The big ugly formula would be:

Y =

2.42 +

0.000340* `yardage`

+

-0.0481* `query(hat)`

+

-0.0484* `query(scarf)`

+

0.163* `query(sweater)`

+

0.000750* `yardage`

* `query(hat)`

+

-0.000065* `yardage`

* `query(scarf)`

+

0.000261* `yardage`

* `query(sweater)`

+

error

Where `query(hat)`

is 1 when `query`

= "hat" and 0 otherwise. So for hat, we could replace both `query(hat)`

with 1s, and the other `query(x)`

to zeroes and simplify to:

Y = 2.42 + 0.000340* `yardage`

+ -0.0481 + 0.000750* `yardage`

And then move terms: Y = (2.42 -0.0481) + (0.000340 + 0.000750)* `yardage`

Finally: Y = 2.376 + 0.00109006* `yardage`

Basically, the summarized coefficients for each query is the addition of the intercept and query term, and the addition of the yardage and interaction term.
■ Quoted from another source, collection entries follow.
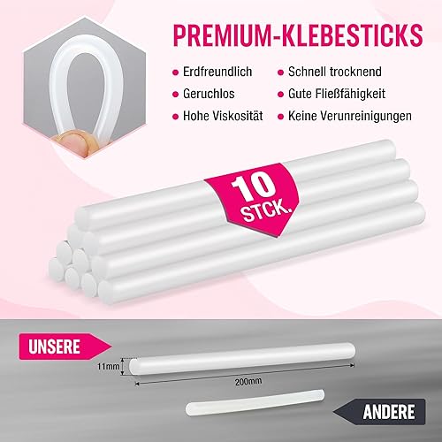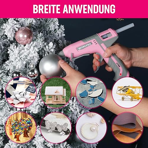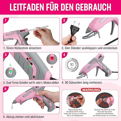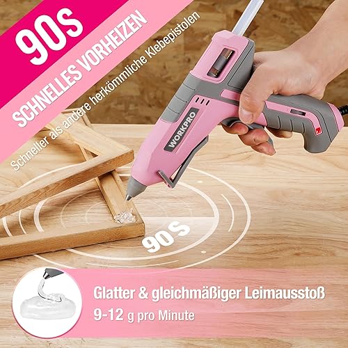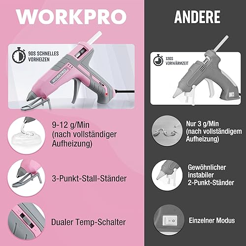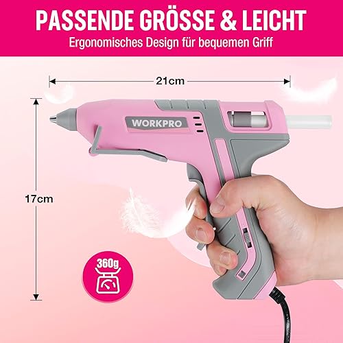 WORKPRO Heißklebepistole, 60/100 W Klebepistole mit 10 Heißklebesticks, Zwei Heizmodi, Schnelle Verklebung 9-12 g/min, 90s Schnellvorheizung, 3-Punkt-Halterung, für DIY und Reparaturen, Rosa&grau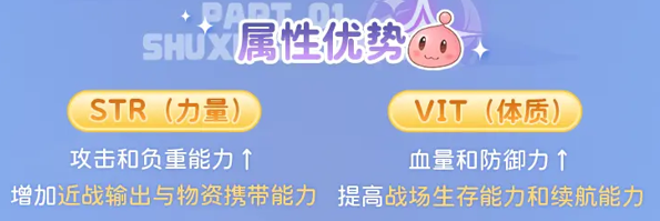 2、体质:血量和防御力上升,提高战场生存能力和续航能力。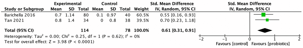 The meta-analysis of three studies demonstrated that the prescription of probiotics significantly increased weekly bowel movement (MD: 1.06, 95% CI: 0.61–1.51, p < 0.001, I2 = 40%; Figure 3). Stool consistency was evaluated in two studies, which presented a significant normalization of stool consistency (SMD: 0.61, 95% CI = 0.31–0.91, I2 = 0%; Figure 4).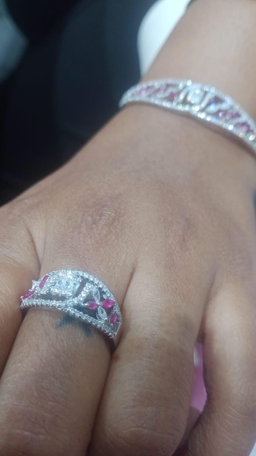 Silver Luxurious Pink Floral Bracelet with Ring Set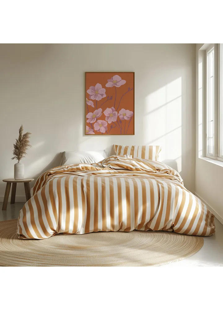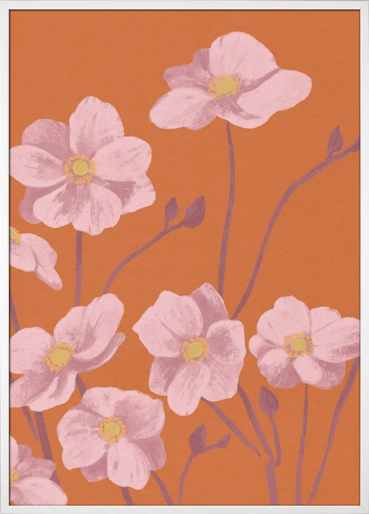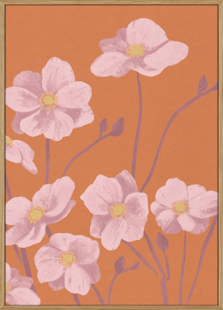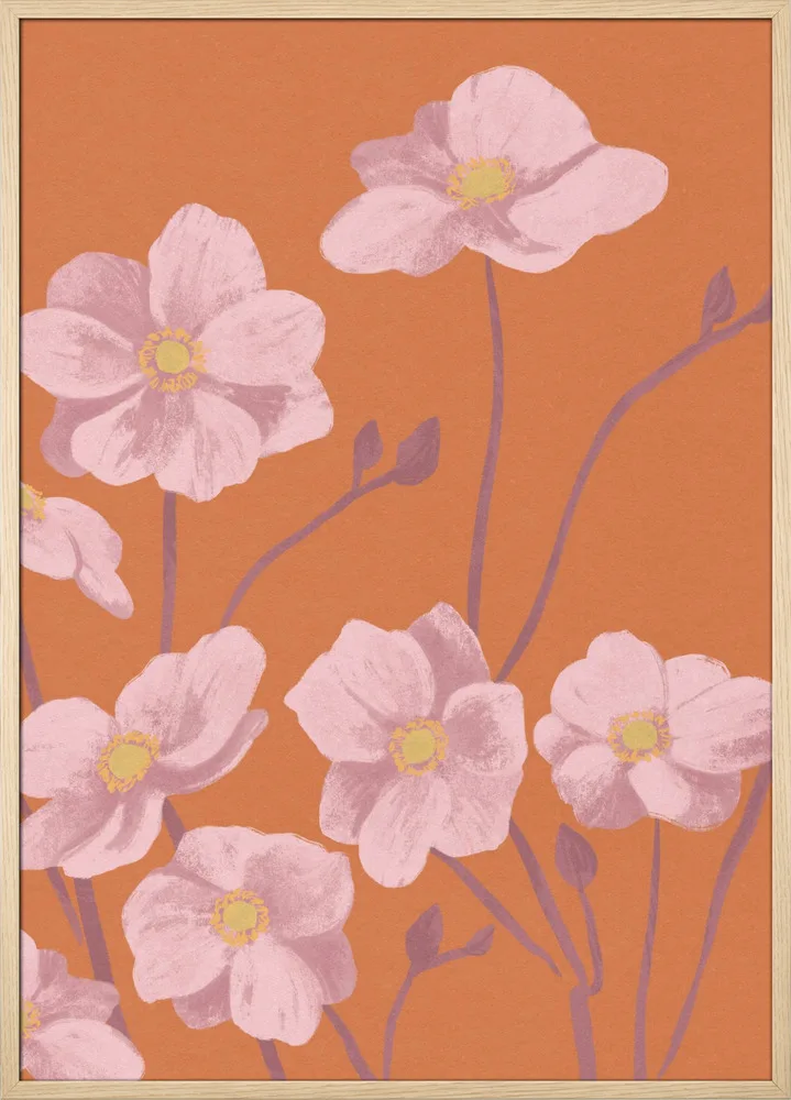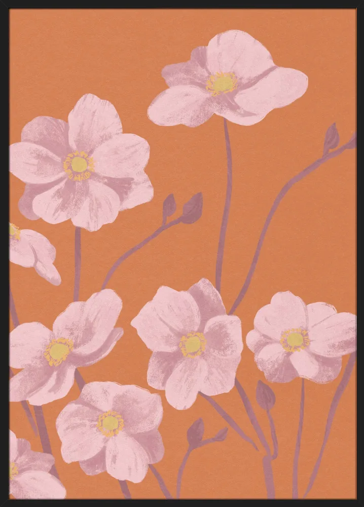En varm og blød blomsterillustration med lyserøde anemoner på en dyb orange baggrund. Motivet er let, feminint og dekorativt og giver et roligt udtryk til rummet. Farverne spiller elegant sammen og skaber en naturlig varme, der gør plakaten velegnet til både stue og soveværelse.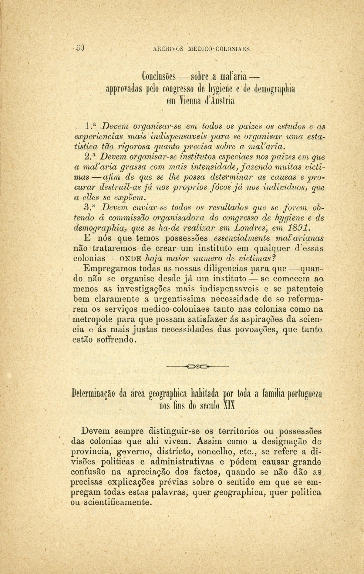Archivos medico-coloniaes Numero Programma, Março, 1889 capa verso rosto Serviço de saude na Secretaria dos Negocios da Marinha e Ultramar Trabalhos que os facultativos do ultramar devem remetter para a secretaria de estado dos negocios de marinha e ultramar, segundo as disposições do decreto de 2 de dezembro de 1869 Principios fundamentaes, a que se deve attender no estudo dos climas, da emigração e da aclimação nas nossas possessões d'além-mar As grandes luctas da sciencia e da natureza nas terras da África Central Conclusões - sobre a aclimação - approvadas pelo congresso de hygiene e de demographia em Vienna d'Áustria Conclusões - sobre a mal'aria - approvadas pelo congresso de hygiene e de demographia em Vienna d'Áustria; Determinação da área geographica habitada por toda a familia portugueza nos fins do seculo XIX A anthropometria colonial Anthropometria militar A anthropometria policial Classificação geral das possessões portuguezas sob o ponto de vista da imigração e das relações dos indigenas com os europeus Hospital Maria Pia : Nota dos facultativos, sua graduação e concelhos onde se acham em commissão Relatorio do serviço de saude da provincia de Macau e Timor em relação ao anno de 1886, por José Gomes da Silva Caracter pratico e experimental dos trabalhos medico-coloniaes que se devem apresentar Necessidades do serviço de saude em cada uma das nossas provincias do ultramar Reforma da estatistica medica dos hospitaes do ultramar Material scientifico que mais importa obter para se resolverem as principaes questões medico-coloniaes Publicações feitas nas differentes provincias do ultramar; Aos medicos da armada real portugueza Merecidas distincções verso Summario | Numero Programma, Março, 1889 > Conclusões - sobre a mal'aria - approvadas pelo congresso de hygiene e de demographia em Vienna d'Áustria; Determinação da área geographica habitada por toda a familia portugueza nos fins do seculo XIX > 0050 |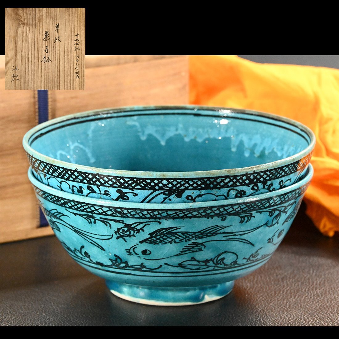 > 【永】g003【兵庫県の図書館や博物館の館長を歴任された歴史研究家遺族委託品】17世紀 ペルシャ陶磁器青釉入子鉢 井口海仙 茶道具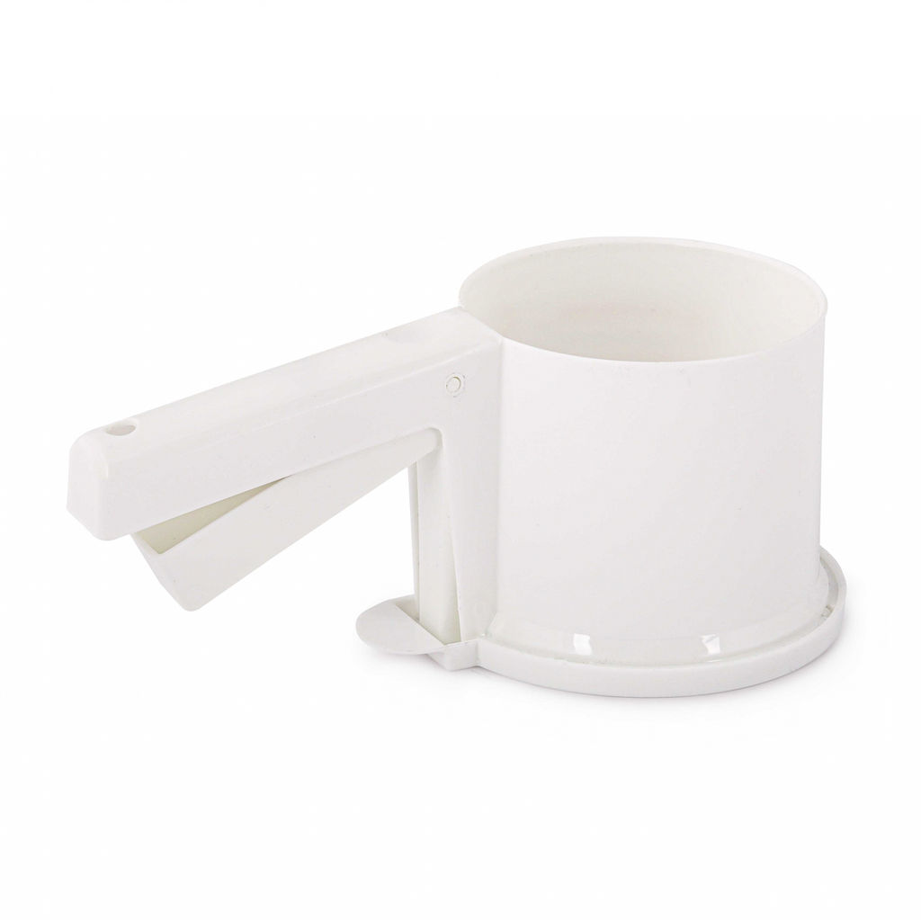 Просеиватель предназначен для муки, крупы и других сыпучих продуктов.Оснащен удобной ручкой с пружинным механизмом, который вращает лопасти внутри кружки-сита. В отличие от традиционного сита, кружку не нужно трясти и мука не будет рассыпаться по всей кухни. Механизм вращает лопасти и, при повторяющихся нажатиях на ручку, мука аккуратно просеивается, а лопасти разбивают образовавшиеся комочки. В комплекте стакан с ручкой и поддон, для удобного хранения и транспортировки стакана с содержимым.­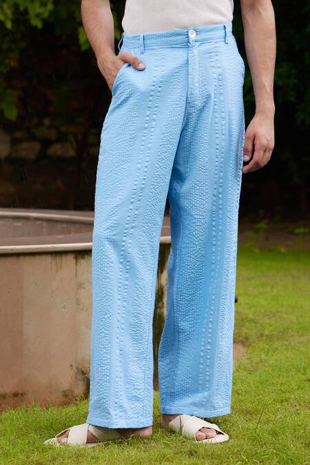 Blue pant featuring a tonal stripe pattern and a relaxed fit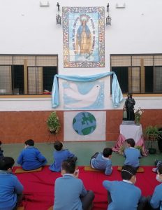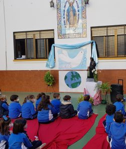 El acto central que unió a todo el Colegio tuvo lugar en el patio, donde realizamos peticiones de perdón, reflexionamos las Bienaventuranzas a la luz del Evangelio, cantamos y leímos un manifiesto y un decálogo para crecer en Paz. Un mural, formado por una paloma y nuestro planeta, sirvió para recoger los compromisos personales por la Paz de todos los alumnos.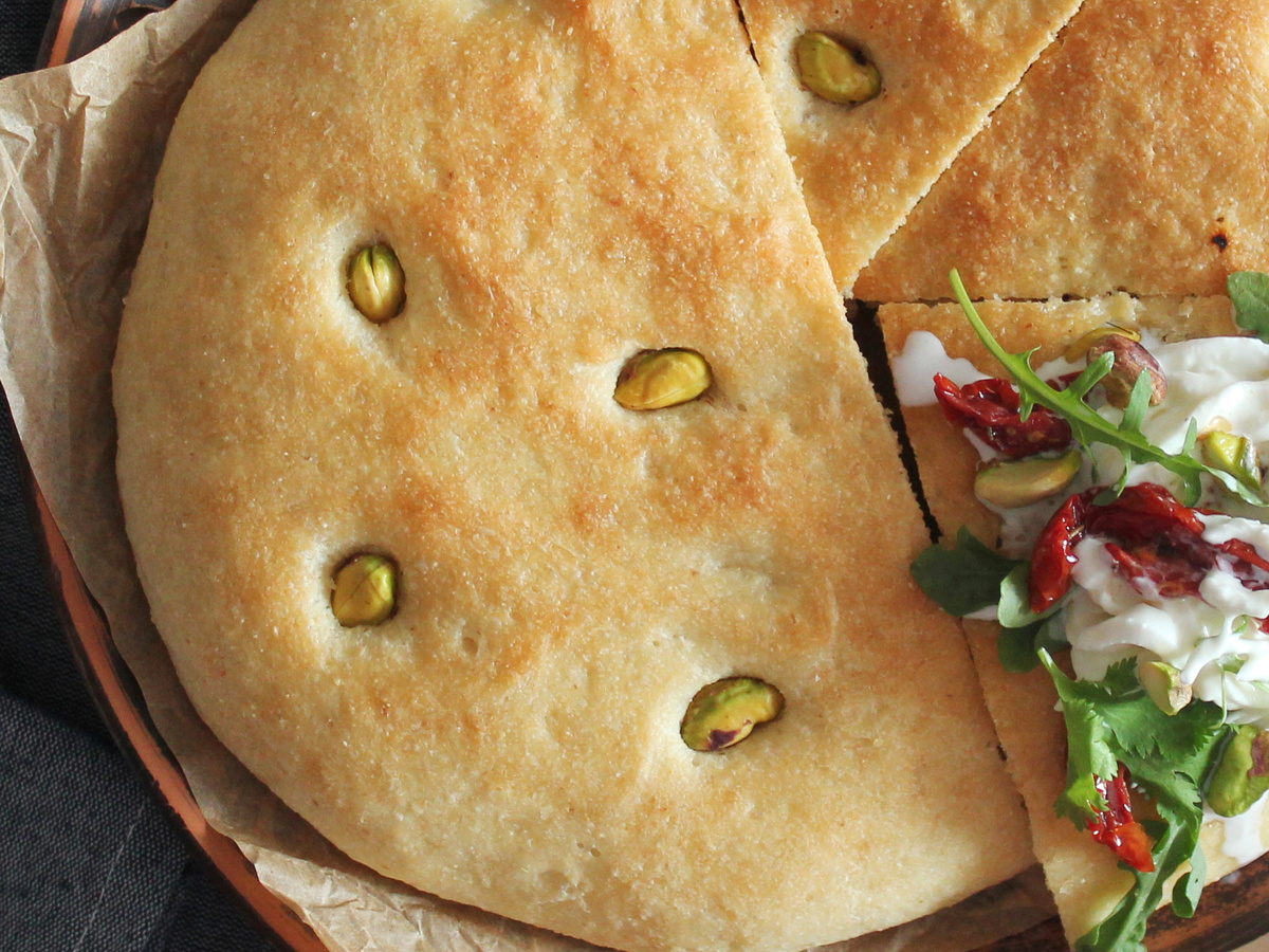 Дать тесту подойти, затем раскатать в лепёшку толщиной около 2 см и сделать углубления для фисташек, смазать ароматным маслом. Выпекать при 200–220°C до румяной корочки, ориентируясь на запах. Подача — сразу с страчателлой, томатами и зеленью, с посыпкой из поджаренных фисташок и ещё каплей масла.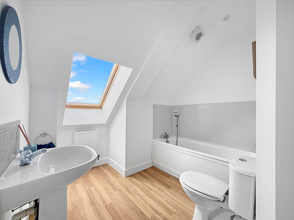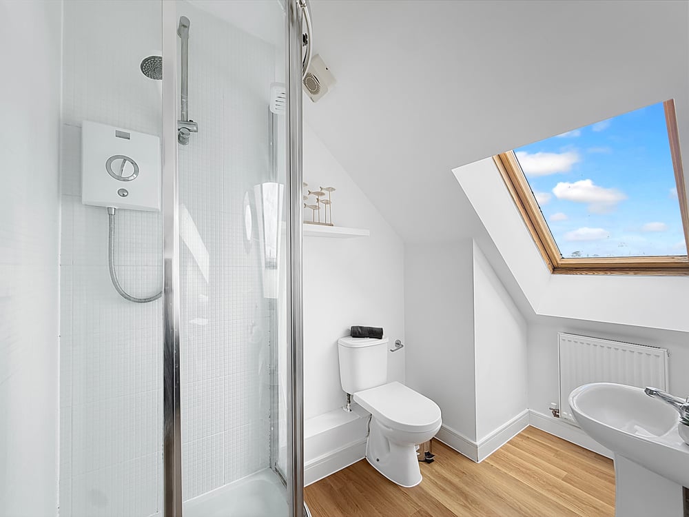 Velux window with stunning views, Part tiled walls, radiator, panned bath with over head shower, WC and wash hand basin.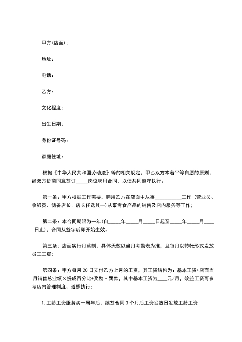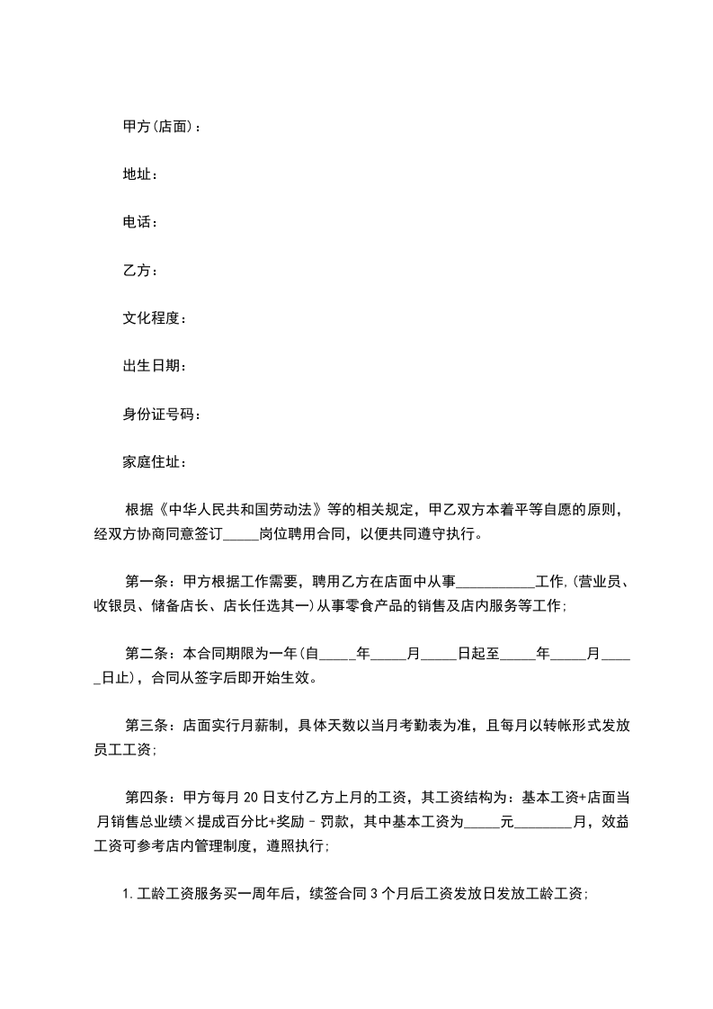 第四条:甲方每月20日支付乙方上月的工资,其工资结构为:基本工资+店面当月销售总业绩×提成百分比+奖励–罚款,其中基本工资为_____元/月,效益工资可参考店内管理制度,遵照执行;

We get the same results if we run 4 models on the nested data:

```
nested_fit_test <- pattern_train %>%
select(query, id, yardage, difficulty_average) %>%
nest(-query) %>%
mutate(fit = map(data, ~lm(difficulty_average ~ yardage, data = .)))
nested_fit_test %>%
mutate(tidied = map(fit, tidy)) %>%
select(query, tidied) %>%
unnest(tidied)
## # A tibble: 8 x 6
## query term estimate std.error statistic p.value
## <chr> <chr> <dbl> <dbl> <dbl> <dbl>
## 1 scarf (Intercept) 2.38 0.105 22.7 1.07e-46
## 2 scarf yardage 0.000275 0.000107 2.56 1.17e- 2
## 3 hat (Intercept) 2.38 0.116 20.6 4.45e-38
## 4 hat yardage 0.00109 0.000341 3.20 1.85e- 3
## 5 sweater (Intercept) 2.59 0.124 20.8 4.71e-44
## 6 sweater yardage 0.000600 0.000107 5.61 1.07e- 7
## 7 blanket (Intercept) 2.42 0.165 14.7 2.39e-26
## 8 blanket yardage 0.000340 0.0000610 5.56 2.34e- 7
```

So, it's really up to you whether you choose to split your data by some factor and fit multiple models or simply introduce that factor as an interaction term. If you're looking to compare a particular coefficient across factor levels, splitting and fitting multiple may be faster than extracting the terms from a large model.